RATIONALE: Cancer can cause renal dysfunction and disease either directly or indirectly, through adverse effects of therapies, including chemotherapy and radiation. The assessment of renal function in cancer patients is necessary in clinical practice. PATIENT CONCERNS: A 31-year-old woman had proctoscopy performed in our hospital for a principal complaint of bloody stool for 6 months and worsening 1 month prior to presentation. DIAGNOSES: Following proctoscopy, she was diagnosed with a signet-ring cell carcinoma of the rectum. Hartman surgery was performed.

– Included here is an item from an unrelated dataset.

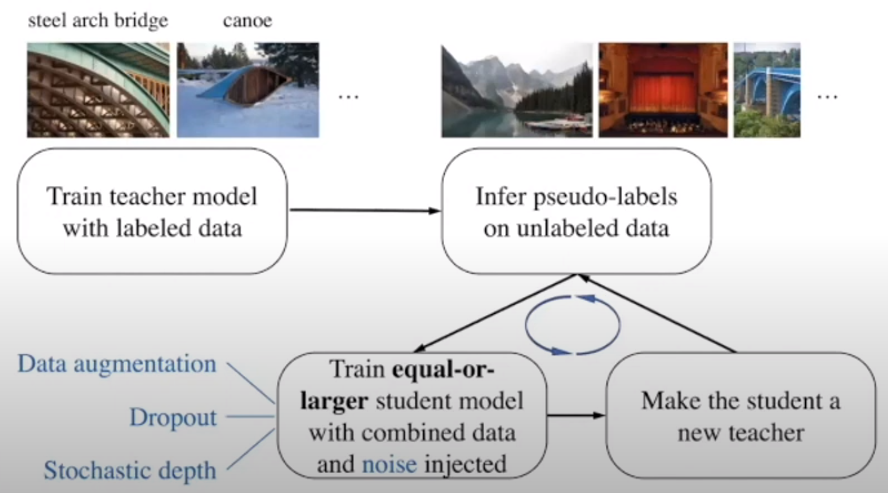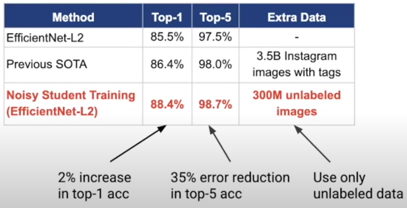 EfficientNet-L2가 각 프레임 별로 Spatial 한 정보를 주기 위해 사용되기에 앞서 ImageNet 데이터 셋으로 학습된 teacher 모델을 통해 Self-supervised Learning 방식의 일종인 Pseudo-Labeling 과정이 추가되어 label이 없는 3억개의 이미지 데이터로 학습을 진행하였으며 ImageNet에서 당시 SOTA를 뛰어 넘는 높은 성능을 보였습니다.

Metastasis of the carcinoma to regional lymph nodes around the rectum was verified by postoperative pathology.
INTERVENTIONS: The patient was treated with capecitabine, and renal function was monitored over the course of treatment by renography before, during, and after chemotherapy. OUTCOMES: We found that capecitabine caused a reversible decline of renal function. However, the value of blood urea nitrogen (BUN) and serum creatinine (Cr) remained within the normal range during chemotherapy. The patient's chemotherapy regimen was altered after her oncologists concluded that she was developing nephrotoxicity from capecitabine. She was treated with tegafur, gimeracil and oteracil potassium capsules. This patient was followed over the next 6 months, and no abnormal renal function re-occurred. LESSONS: Our experience with capecitabine shows that dosing adjustments can be warranted for chemotherapy in cancer patients, requiring monitoring of renal function. Renography may provide an early warning to protect the renal function of tumor patients when they receive chemotherapy.

Introduction

It is well known that use of cytotoxic drugs for cancer chemotherapy can lead to nephrotoxicity and decline of renal function. However, chemotherapy for patients with malignant tumors is necessary and can be life-saving in the clinical setting. Clinicians need to strictly control the dose of chemotherapy agents and regularly check hepatic and renal function for cancer patients undergoing chemotherapy with many of the widely used anti-neoplastic agents.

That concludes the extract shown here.